▸ **Task goal**
For this exercise, copy exactly the lines below from the one with "Hybrid paradicsom, cherry" through the one with "浅灰色的背景墙,配上黑白艺术" and leave out the pictures.

▸ **Dataset records**
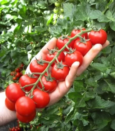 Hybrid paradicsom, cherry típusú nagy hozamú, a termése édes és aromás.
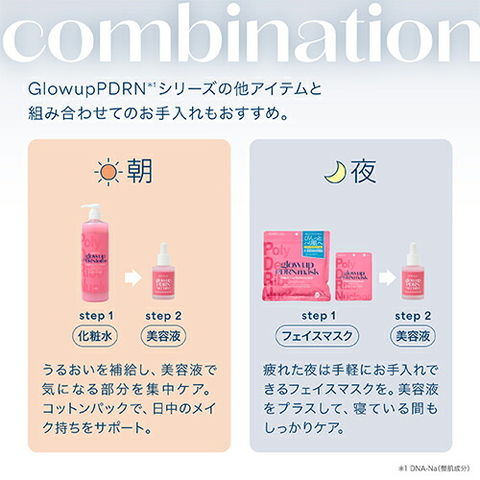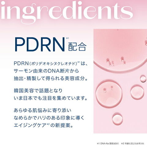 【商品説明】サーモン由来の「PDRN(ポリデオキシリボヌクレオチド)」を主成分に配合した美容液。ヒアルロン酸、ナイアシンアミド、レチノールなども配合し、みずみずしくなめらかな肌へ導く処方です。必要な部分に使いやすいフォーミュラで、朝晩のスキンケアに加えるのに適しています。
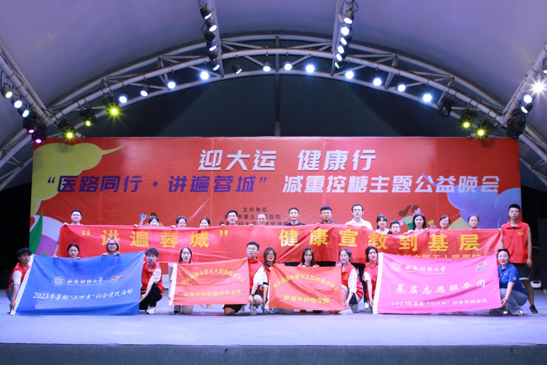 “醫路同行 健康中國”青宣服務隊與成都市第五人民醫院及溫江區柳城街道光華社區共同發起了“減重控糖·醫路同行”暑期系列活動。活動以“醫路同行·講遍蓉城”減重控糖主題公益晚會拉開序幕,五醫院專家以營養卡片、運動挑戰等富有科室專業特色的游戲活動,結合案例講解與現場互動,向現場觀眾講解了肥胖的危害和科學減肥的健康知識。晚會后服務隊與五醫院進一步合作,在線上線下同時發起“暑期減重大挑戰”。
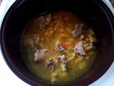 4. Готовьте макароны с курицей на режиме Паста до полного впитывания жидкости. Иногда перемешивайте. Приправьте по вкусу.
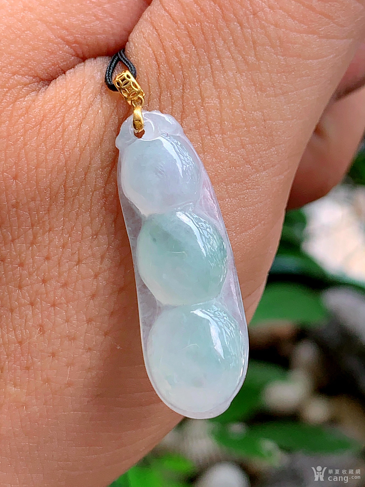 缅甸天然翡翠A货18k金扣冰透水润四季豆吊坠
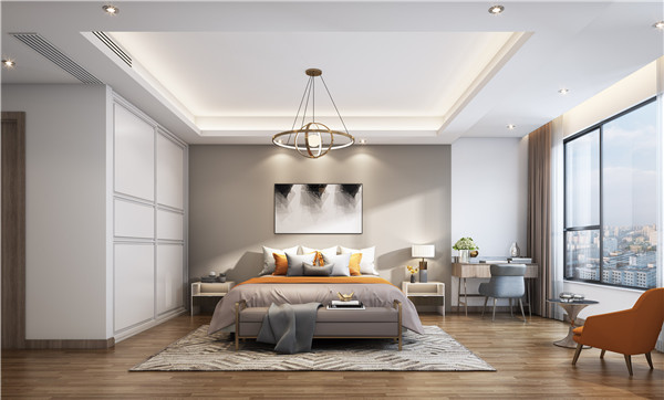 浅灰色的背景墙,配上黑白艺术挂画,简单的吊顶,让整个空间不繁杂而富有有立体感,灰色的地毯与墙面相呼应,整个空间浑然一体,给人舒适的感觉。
==
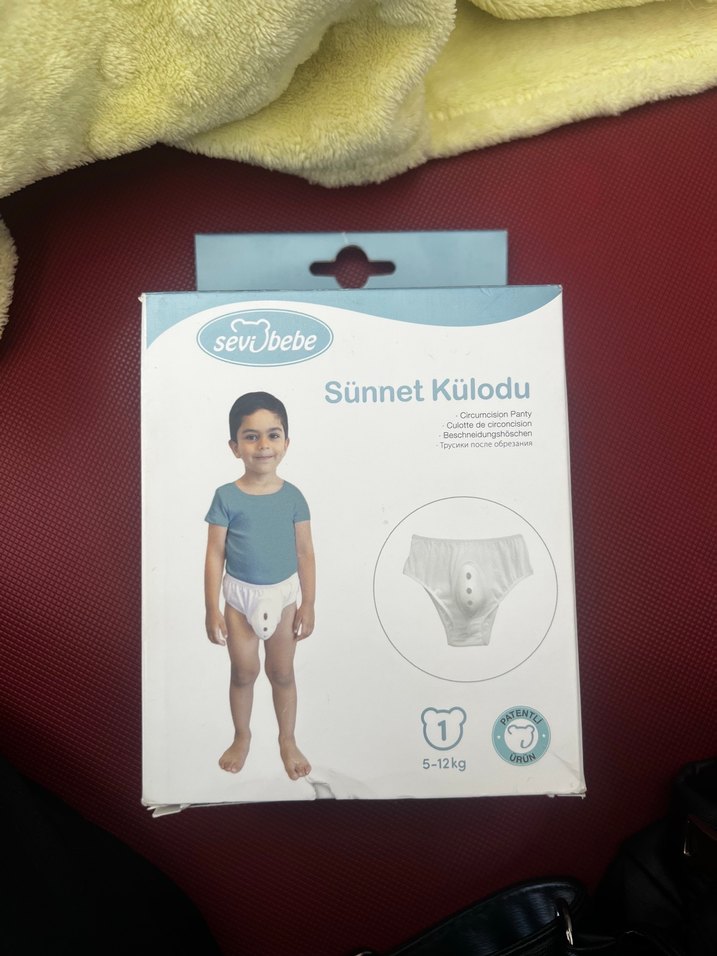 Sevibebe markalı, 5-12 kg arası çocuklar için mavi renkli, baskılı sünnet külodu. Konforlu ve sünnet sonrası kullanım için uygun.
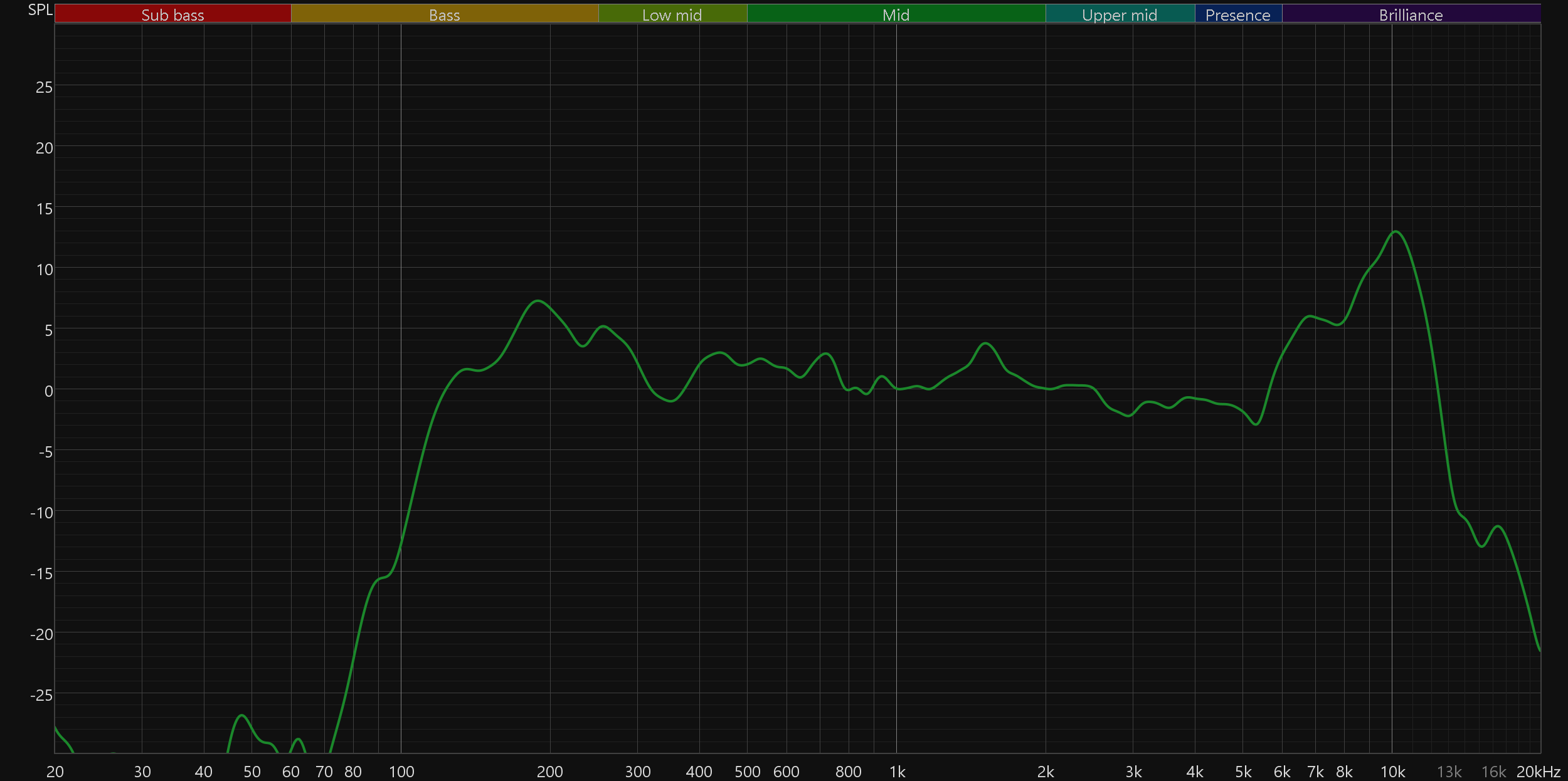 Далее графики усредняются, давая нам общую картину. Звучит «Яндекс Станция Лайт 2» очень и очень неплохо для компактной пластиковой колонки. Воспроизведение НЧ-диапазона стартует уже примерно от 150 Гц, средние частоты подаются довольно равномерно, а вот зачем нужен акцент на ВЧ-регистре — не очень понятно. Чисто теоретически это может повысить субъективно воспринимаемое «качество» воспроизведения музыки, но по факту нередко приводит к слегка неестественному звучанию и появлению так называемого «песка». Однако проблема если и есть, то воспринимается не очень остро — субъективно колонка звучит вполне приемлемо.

▸ **The answer**
 Hybrid paradicsom, cherry típusú nagy hozamú, a termése édes és aromás.
 【商品説明】サーモン由来の「PDRN(ポリデオキシリボヌクレオチド)」を主成分に配合した美容液。ヒアルロン酸、ナイアシンアミド、レチノールなども配合し、みずみずしくなめらかな肌へ導く処方です。必要な部分に使いやすいフォーミュラで、朝晩のスキンケアに加えるのに適しています。
 “醫路同行 健康中國”青宣服務隊與成都市第五人民醫院及溫江區柳城街道光華社區共同發起了“減重控糖·醫路同行”暑期系列活動。活動以“醫路同行·講遍蓉城”減重控糖主題公益晚會拉開序幕,五醫院專家以營養卡片、運動挑戰等富有科室專業特色的游戲活動,結合案例講解與現場互動,向現場觀眾講解了肥胖的危害和科學減肥的健康知識。晚會后服務隊與五醫院進一步合作,在線上線下同時發起“暑期減重大挑戰”。
 4. Готовьте макароны с курицей на режиме Паста до полного впитывания жидкости. Иногда перемешивайте. Приправьте по вкусу.
 缅甸天然翡翠A货18k金扣冰透水润四季豆吊坠
 浅灰色的背景墙,配上黑白艺术挂画,简单的吊顶,让整个空间不繁杂而富有有立体感,灰色的地毯与墙面相呼应,整个空间浑然一体,给人舒适的感觉。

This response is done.